Confusion regarding slope of a tangent to a parabola

I had learnt that differentiating the function $y=f(x)$ and putting the value of a point $(x_1,y_1)$ would give the slope of the tangent to the function at $(x_1,y_1)$. In other words, to find the slope of the tangent to a function at a point, one has to first differentiate the dependent variable ($y$ here) with respect to the independent variable ($x$ in this case). However when I tried to derive the formula for the slope of the tangent to the parabola $y^2=4ax$, I came up with a mistake in finding the slope of the tangent. In my book, it was given that the slope of the tangent at $(x_1,y_1)$ is $\frac{dy}{dx}\large{|}_{y_1}$ However, according to me, the slope of the tangent should be found by differentiating the dependent variable (x according to me) with respect to the independent variable (y according to me). Thus, I get the slope of tangent as $$\dfrac{y_1}{2a}$$ instead of $\dfrac{2a}{y_1}$. I cannot identify where I have gone wrong despite trying for quite a while. I would be grateful for any help in clearing this confusion of mine.

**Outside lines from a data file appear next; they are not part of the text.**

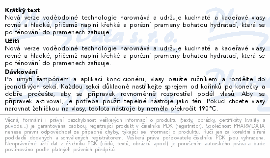 Nová verze voděodolné technologie narovnává a udržuje kudrnaté a kadeřavé vlasy rovné a hladké, přičemž naplní křehké a porézní prameny bohatou hydratací, která se po fénování do pramenech zafixuje.
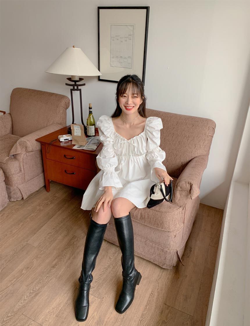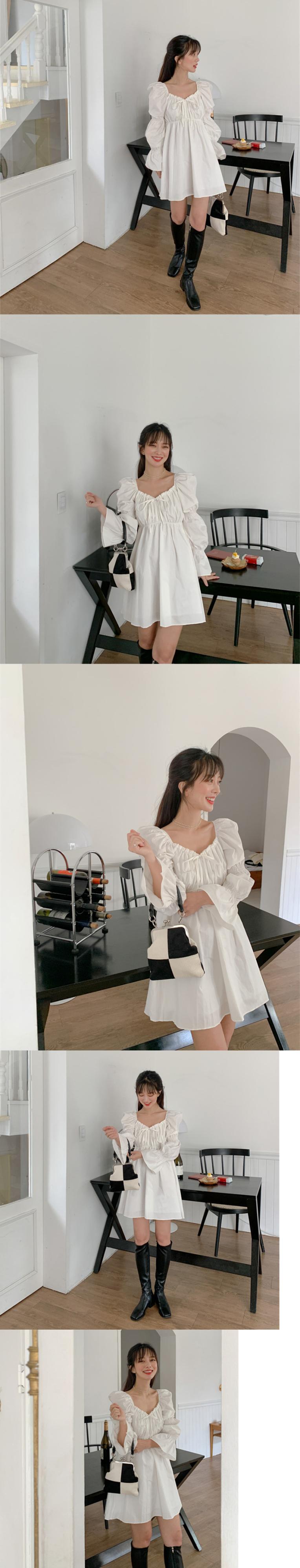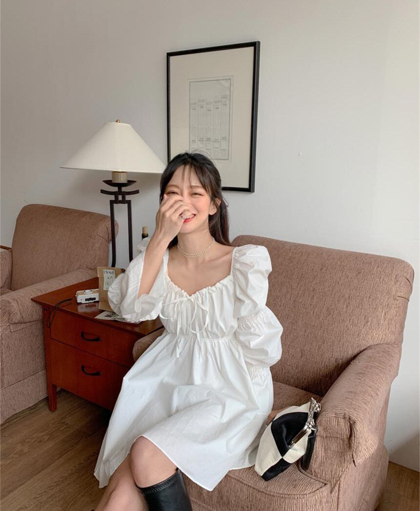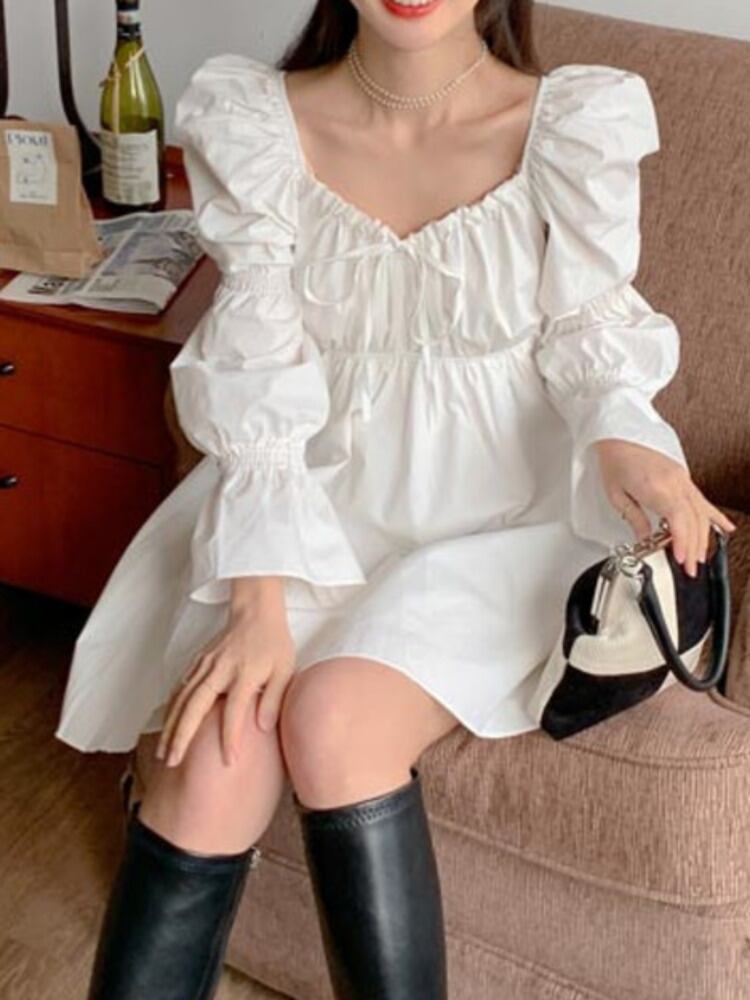 [EWQ] スクエアカラー プリーツ レースアップ ミニドレス レディース 長袖 無地 ドレス 春夏 Vestido 16Y6940 ロング スプリング 春物 サマー 夏物 ソリッドカラー スクウェア
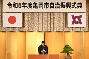 11月3日、亀岡市政にご功労いただいた方や市に対して善意の寄付をしていただいた方を表彰し、市民の皆様とともに感謝の意を表し、併せて市政のさらなる発展を期待して「令和5年度亀岡市自治振興式典」を開催しました。
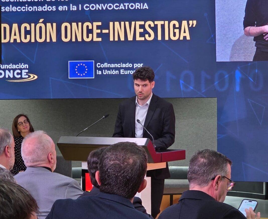 Arturo Martínez, estudiante de doctorado de la Universidad de Alicante (UA), ha recibido una de las becas del programa INVESTIGA de la Fundación ONCE, una iniciativa dirigida a promover la carrera académica e investigadora del alumnado universitario con discapacidad. La entrega se ha celebrado este miércoles 18 en Madrid, en el Hub de Fundación ONCE.
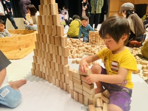 会場いっぱいに広げられたのは、東京おもちゃ美術館からやってきた木のおもちゃ。

Many thanks in advance!

PS. I have a rudimentary knowledge of functions. All I know is that a function is such that corresponding to each independent variable, there is only 1 value of the dependent variable. The reason I thought $y$ was the independent variable in $y^2=4ax$ was because corresponding to any value of $y$, there is only one possible value of $x$. Kindly correct me if I am wrong. Thanks once again

The thing is, when you are looking for the slope of the tangent line in the x-y plane, you need to find $\frac{dy}{dx}.$ Thus, you cannot conclude that $y$ is the independent variable - the independent variable is still $x,$ even if the function is not one-to-one. Using calculus and differentiating with respect to $x,$ we have the following:

$y^2 = 4ax$

$2y * \frac{dy}{dx} = 4a$

$\frac{dy}{dx} = \frac{2a}{y}.$

When $y = y_{1},$ we have $\boxed{\frac{2a}{y_{1}}}.$

Notice, in general, the slope of tangent to the curve $y=f(x)$ is $\frac{dy}{dx}$ & usually, $y$ is treated as a dependent variable & $x$ as independent variable in XY-plane.

For the slope of tangent to the curve: $y=f(x)$, one should find $\frac{dy}{dx}$ not $\frac{dx}{dy}$

Now, for the given equation of parabola $y^2=4ax$, $y$ is dependent variable while $x$ is independent variable, hence the slope of tangent to the parabola: $y^2=4ax$ is given by differentiating w.r.t. $x$ as follows $$\frac{d}{dx}(y^2)=\frac{d}{dx}(4ax)$$ $$2y\frac{dy}{dx}=4a$$ $$\frac{dy}{dx}=\frac{2a}{y}$$ for the point $(x_1. y_1)$, the slope of tangent is

$$\left[\frac{dy}{dx}\right]_{(x_1, y_1)}=\frac{2a}{y_1}$$

• Thanks for your response. Could you please elaborate on why $y$ is the dependent variable in $y^2=4ax$? How exactly do we define/defferentiate between the dependent and independent variables? I couldn't understand this part. – Better World Jan 10 '16 at 20:29
• Alright, notice for any given curve $y=f(x)$ in the XY-plane, generally, $y$ is treated as dependent variable while $x$ is treated as independent variable. For $y^2=4ax\iff y=\pm\sqrt{4ax}\implies y=f(x)$ i.e. $y$ can be explicitly expressed as a function of $x$ – Harish Chandra Rajpoot Jan 10 '16 at 20:32

If $4 a y = x^2, dy/dx = x/(2a)$ what you say is correct. (i.e., when x is independent variable and y is dependent).